> _Task item_
Which lines of the entries below hold the word "Ecke"? Report each of them.

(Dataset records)
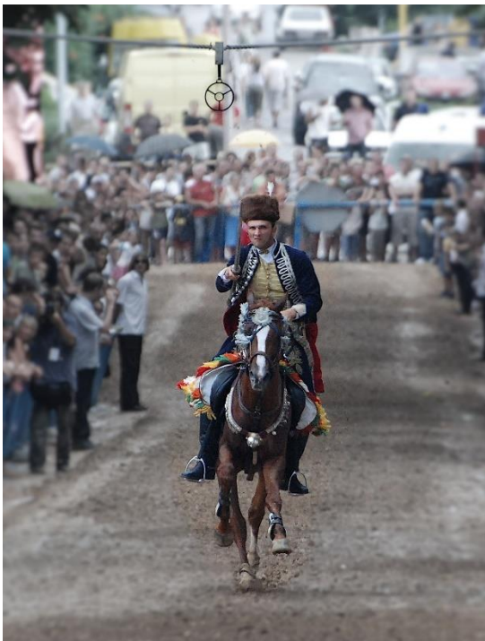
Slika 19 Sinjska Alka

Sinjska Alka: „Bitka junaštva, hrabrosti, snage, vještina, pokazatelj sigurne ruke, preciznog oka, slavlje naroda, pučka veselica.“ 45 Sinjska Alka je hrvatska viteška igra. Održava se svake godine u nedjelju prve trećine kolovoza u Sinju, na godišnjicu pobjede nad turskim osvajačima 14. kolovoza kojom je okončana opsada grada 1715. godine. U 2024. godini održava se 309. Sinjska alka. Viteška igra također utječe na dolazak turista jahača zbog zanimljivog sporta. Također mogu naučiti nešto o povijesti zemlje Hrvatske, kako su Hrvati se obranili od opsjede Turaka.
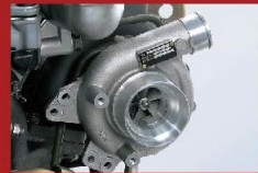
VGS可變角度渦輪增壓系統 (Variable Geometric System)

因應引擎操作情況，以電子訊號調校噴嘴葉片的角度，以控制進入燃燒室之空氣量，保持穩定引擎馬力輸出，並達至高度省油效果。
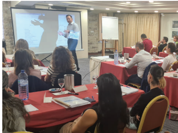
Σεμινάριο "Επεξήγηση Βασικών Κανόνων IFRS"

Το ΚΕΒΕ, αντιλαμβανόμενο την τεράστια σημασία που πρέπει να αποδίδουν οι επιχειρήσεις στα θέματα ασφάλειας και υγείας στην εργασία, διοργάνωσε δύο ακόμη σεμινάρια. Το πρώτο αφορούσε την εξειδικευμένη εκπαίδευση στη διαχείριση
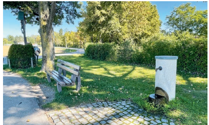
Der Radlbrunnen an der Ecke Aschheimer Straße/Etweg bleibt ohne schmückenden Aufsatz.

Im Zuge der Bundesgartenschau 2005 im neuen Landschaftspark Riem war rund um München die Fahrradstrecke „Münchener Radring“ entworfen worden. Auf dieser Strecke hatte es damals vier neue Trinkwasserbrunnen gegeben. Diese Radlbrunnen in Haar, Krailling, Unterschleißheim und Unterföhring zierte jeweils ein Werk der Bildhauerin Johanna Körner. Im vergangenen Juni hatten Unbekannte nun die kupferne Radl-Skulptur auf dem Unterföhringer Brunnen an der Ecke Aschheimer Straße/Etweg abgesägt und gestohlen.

==

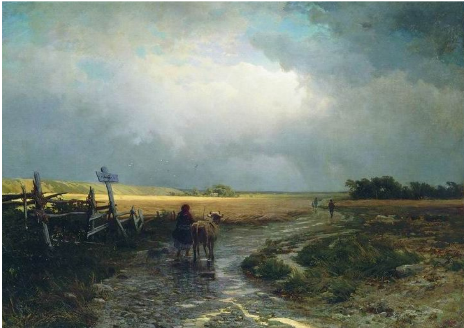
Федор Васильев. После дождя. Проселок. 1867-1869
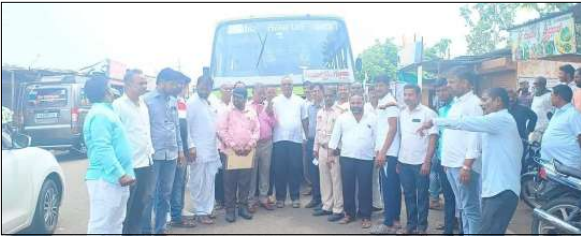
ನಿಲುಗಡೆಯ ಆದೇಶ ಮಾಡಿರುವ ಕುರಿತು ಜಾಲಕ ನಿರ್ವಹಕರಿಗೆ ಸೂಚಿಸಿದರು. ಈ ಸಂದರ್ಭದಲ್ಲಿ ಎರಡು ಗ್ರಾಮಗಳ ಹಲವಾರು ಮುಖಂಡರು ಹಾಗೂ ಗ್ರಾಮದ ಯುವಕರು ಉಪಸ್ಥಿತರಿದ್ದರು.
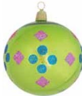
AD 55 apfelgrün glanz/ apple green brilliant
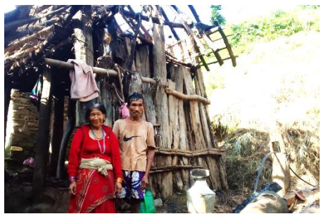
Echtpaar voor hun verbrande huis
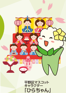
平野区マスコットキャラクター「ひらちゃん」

* * *

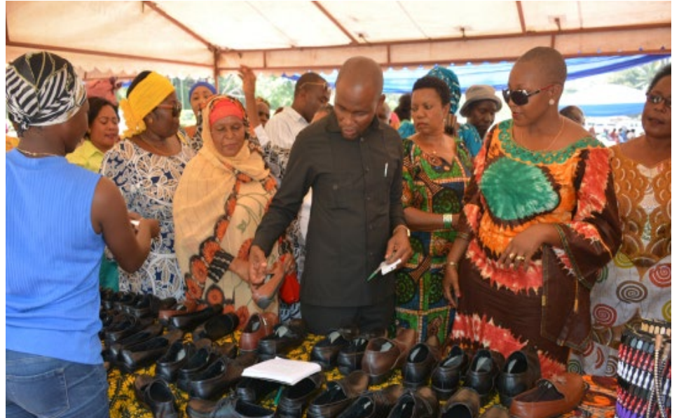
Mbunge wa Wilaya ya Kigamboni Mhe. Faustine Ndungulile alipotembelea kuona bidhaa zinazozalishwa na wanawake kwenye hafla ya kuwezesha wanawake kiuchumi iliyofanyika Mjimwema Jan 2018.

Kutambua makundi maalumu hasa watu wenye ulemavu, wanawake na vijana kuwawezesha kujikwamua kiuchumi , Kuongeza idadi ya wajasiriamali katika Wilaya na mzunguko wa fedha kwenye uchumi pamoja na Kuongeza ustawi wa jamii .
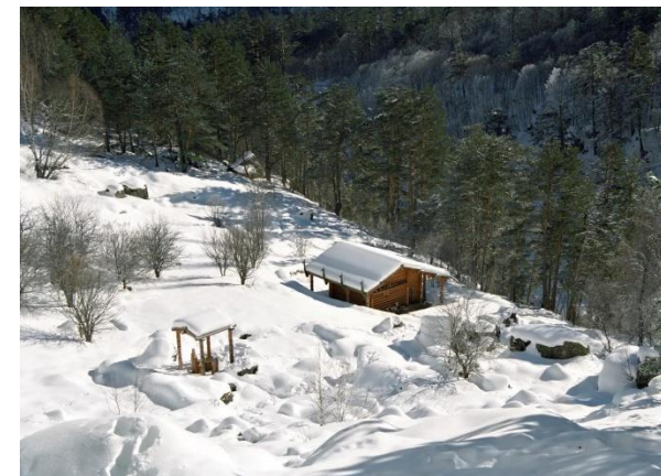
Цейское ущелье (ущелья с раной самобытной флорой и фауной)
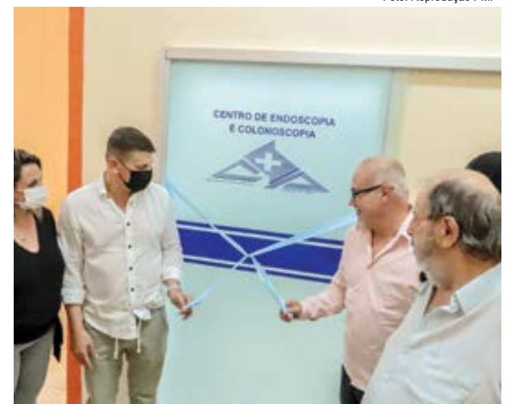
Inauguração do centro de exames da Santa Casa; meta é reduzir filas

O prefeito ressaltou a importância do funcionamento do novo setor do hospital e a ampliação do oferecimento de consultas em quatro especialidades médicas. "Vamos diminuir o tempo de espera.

> _Result for this exercise_
Der Radlbrunnen an der Ecke Aschheimer Straße/Etweg bleibt ohne schmückenden Aufsatz.
Im Zuge der Bundesgartenschau 2005 im neuen Landschaftspark Riem war rund um München die Fahrradstrecke „Münchener Radring“ entworfen worden. Auf dieser Strecke hatte es damals vier neue Trinkwasserbrunnen gegeben. Diese Radlbrunnen in Haar, Krailling, Unterschleißheim und Unterföhring zierte jeweils ein Werk der Bildhauerin Johanna Körner. Im vergangenen Juni hatten Unbekannte nun die kupferne Radl-Skulptur auf dem Unterföhringer Brunnen an der Ecke Aschheimer Straße/Etweg abgesägt und gestohlen.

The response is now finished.